Finally, (3) we may be observing short-run profits, not long-run profits.
1.3.1.4 Perfect Competition and Plant Size
It turns out that the perfectly competitive firm produces not just at the
minimum of its SRATC, but also its LRATC. Why? Because any PC firm not
at its minimum LRATC will, in the LR, change its input combination to take
advantage of lower average costs. If firms are able to make positive profits
by moving outward on the LRATC curve, those profits will attract entrants
into the industry in the usual fashion. So by the same arguments as before,
profits will eventually dissipate to zero. The price must be at the bottom of
the LRATC, not just the SRATC.
1.3.1.5 Perfect Competition and the LR Supply Curve
As we have seen, changes in demand in a PC market create profits and
losses for firms. In the SR, this has no effect on the supply curve; but in the
LR, firms enter for profits and leave to escape losses, leading to supply
curve shifts. We want to use this information to derive a LR supply curve. A
LR supply curve, just like a SR supply curve, shows the total quantity that
will be supplied in a market at different prices; but unlike the SR supply
curve, it shows the quantity supplied after all long-term changes, including
entry and exit of firms, have been taken into account.

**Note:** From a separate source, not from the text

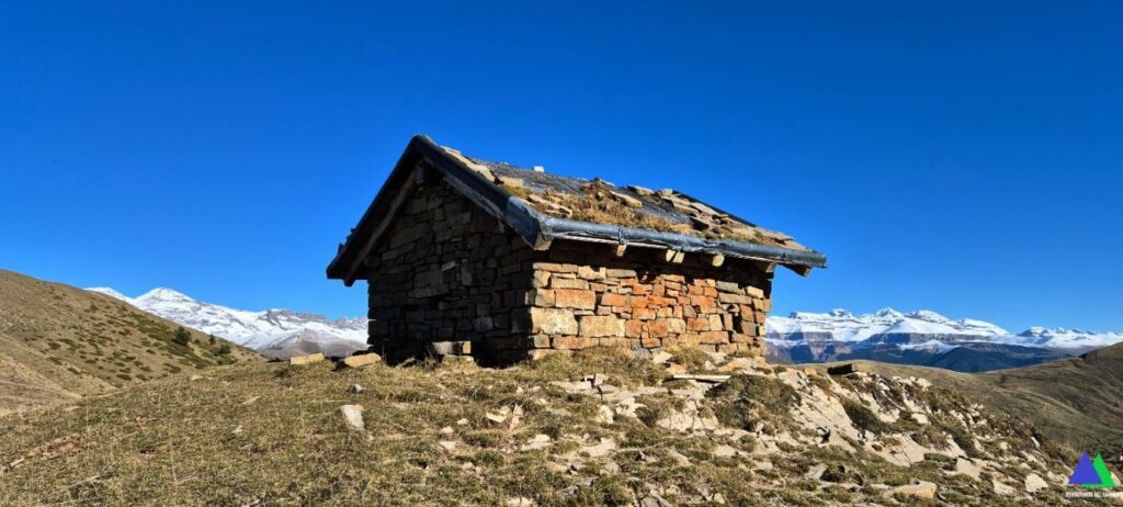 Continuamos en la misma dirección sur por la amplia loma, en cuyo extremo meridional se eleva un pequeño edificio hacia el que nos dirigimos. Mientras caminamos y miramos hacia Otal, observamos los antiguos bancales y que todavía resaltan en las laderas. El pueblecito deshabitado de Otal, se encuentra a 1465 m de altura, siendo el pueblo de mayor altitud de todo el Pirneo Occidental.

In the basic supply-and-demand framework, notice that we can use demand
curves and equilibrium points to “trace out” the supply curve. If you look at
three
different demand curves, and then mark the equilibrium point on each one,
you can
connect the equilibrium points to find where the supply curve must be.
Now we’re going to use the same basic technique to trace out the LR supply
curve. We can do this by changing demand, and then finding the
equilibrium points after allowing LR adjustments, including entry and exit.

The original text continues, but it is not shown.